HIV discordance- Why you should not blame the other partner

May 17, 2009

MANY times when married couples test for HIV and find themselves discordant (one HIV-positive and the other HIV-negative), the negative partner accuses the other of infidelity.

By Anne Abaho

MANY times when married couples test for HIV and find themselves discordant (one HIV-positive and the other HIV-negative), the negative partner accuses the other of infidelity.

That person thinks the partner wanted to spread the virus intentionally and attempt to ‘kill’ them by spreading the virus.

Theopista Nakinsige, a post-test counsellor in Mukono, says this is more common with men. “Men often become violent and sometimes, abandon their wives,” says Nakinsige.

Consequently, this discourages couples from testing together or disclosing their HIV status even when they test alone.
Last year at the AIDS Information Centre, only 23% of the clients tested as couples. In other centres, it was even lower.

“It is difficult to counsel discordant couples,” Nakinsige said. “One couple fought in the counselling room. The man grabbed his wife by the throat, accusing her of wanting to kill him.”

However, according to Dr Patrick Ndase, an HIV preventive researcher, heterosexual HIV transmission takes place under certain conditions.

“These include the amount of virus in the positive person, use of antiretroviral drugs, the presence of sexually transmitted infections, lack of circumcision and tears (scratches) that occur during sex.”

Ndase explains that a person is more likely to infect their partner in the early days of infection when the body has not recognised the HIV presence.

“HIV takes this chance to multiply and in a day, it can make millions of copies of itself. The more virus there is, the more the person is likely to infect someone else,” Ndase says.

Canadian researchers also reported in the Journal of Infectious Diseases that people are most likely to transmit HIV before even many screening tests can detect the virus. And this may explain why the HIV epidemic moves so quickly.

The Canadian researchers found that 49% of new infections were transmitted by people who were in the early stages of infection, before the virus had time to mutate much.

UN-AIDS reports that 75% of the new infections occur in stable relationships and marriage.

Therefore, in circumstances where a person cheats on the partner and acquires HIV, chances are they will infect the partner during this early stage.
After three months, the body recognises the invasion and reacts by producing antibodies to fight HIV.
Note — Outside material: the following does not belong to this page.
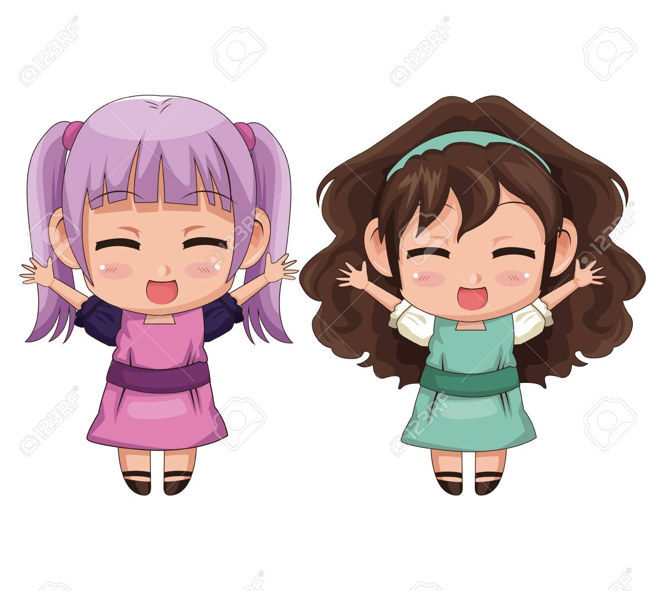 Bunte Ganzkorper Paar Cute Anime Girl Gesichtsausdruck Lacheln Und Springen Vektor Illustration Lizenzfrei Nutzbare Vektorgrafiken Clip Arts Illustrationen Image 79339124

These reduce the amount of virus in the body but cannot eliminate it. When a person’s immunity is strong, the virus is reduced to an amount too low to infect another sexual partner.

“If a person who is HIV-positive but at a stage where they have put the infection under control (with small amounts of viral copies) marries an HIV-negative partner, chances of surviving the infection are high,” Ndase adds.
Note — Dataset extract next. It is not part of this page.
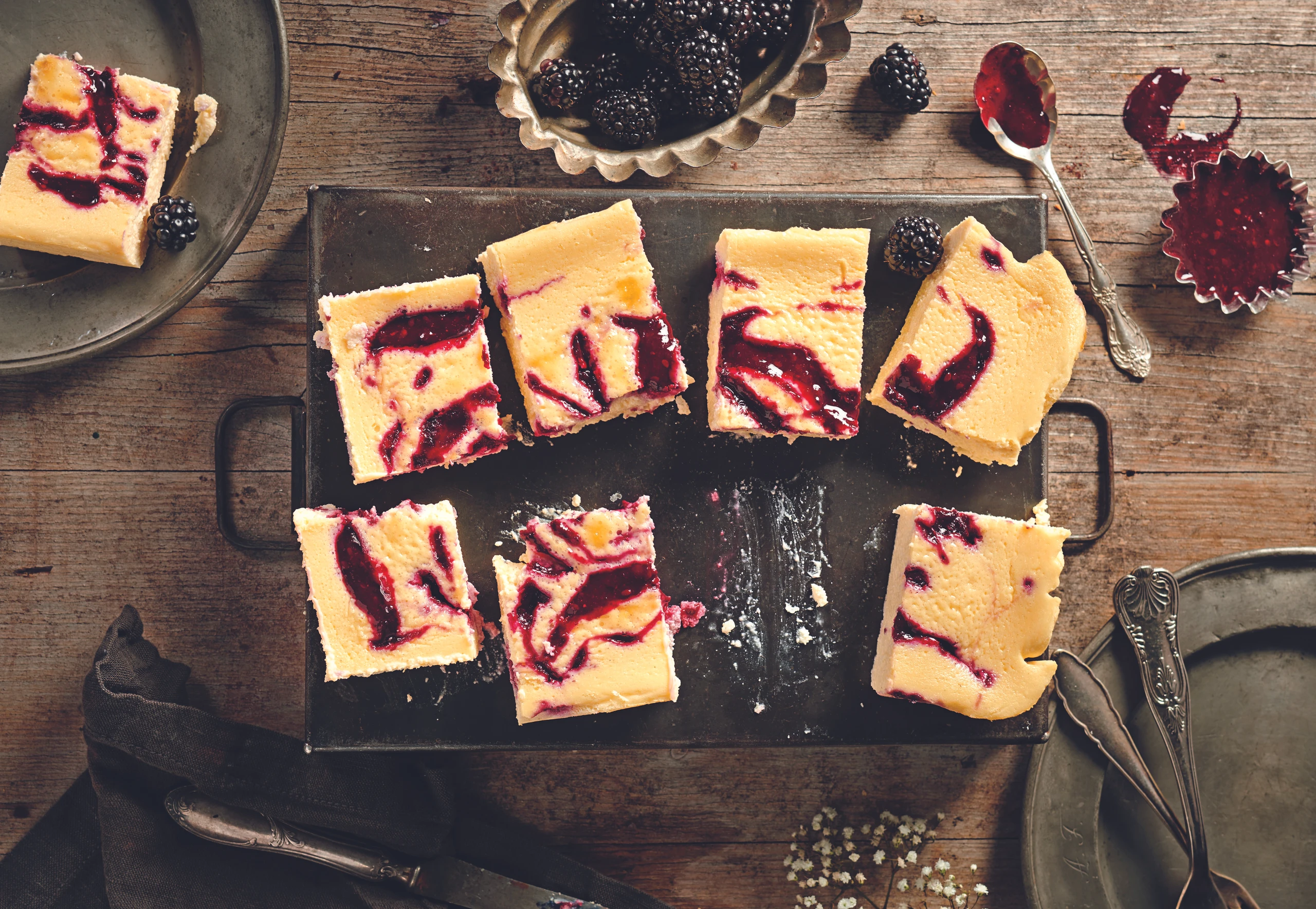 Rohr auf 160°C vorheizen. Auflaufform (25 x 20 cm) mit Backpapier auslegen. Frischkäse, Eier, Vanillepuder und übrigen Agavensirup verrühren. Masse in die Form leeren. Brombeerpüree darauf verteilen.

“With time, these may test and prove discordant. So infidelity cannot be a logical conclusion.”

Using an HIV-positive test in a discordant situation to conclude that the partner has cheated on you has no scientific basis.

It is, therefore, important to take an HIV test before marriage or unprotected sex and a confirmatory test after three months to ascertain the status of the partner at the beginning of marriage.
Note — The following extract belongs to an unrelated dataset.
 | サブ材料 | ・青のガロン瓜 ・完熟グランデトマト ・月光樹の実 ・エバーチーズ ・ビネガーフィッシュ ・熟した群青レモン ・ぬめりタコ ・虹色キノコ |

With time, the HIV overwhelms the defences and increases in numbers requiring that the person starts taking antiretroviral therapy. This treatment helps bring down the amount of virus, as well as the infectiousness of that person.

Experts advise the HIV positive partner in discordant couples to adhere to treatment, and the couple to always use a condom whenever they have sex.

ART has decreased the potential for transmission of HIV, according to studies presented at the last International AIDS Conference in Mexico.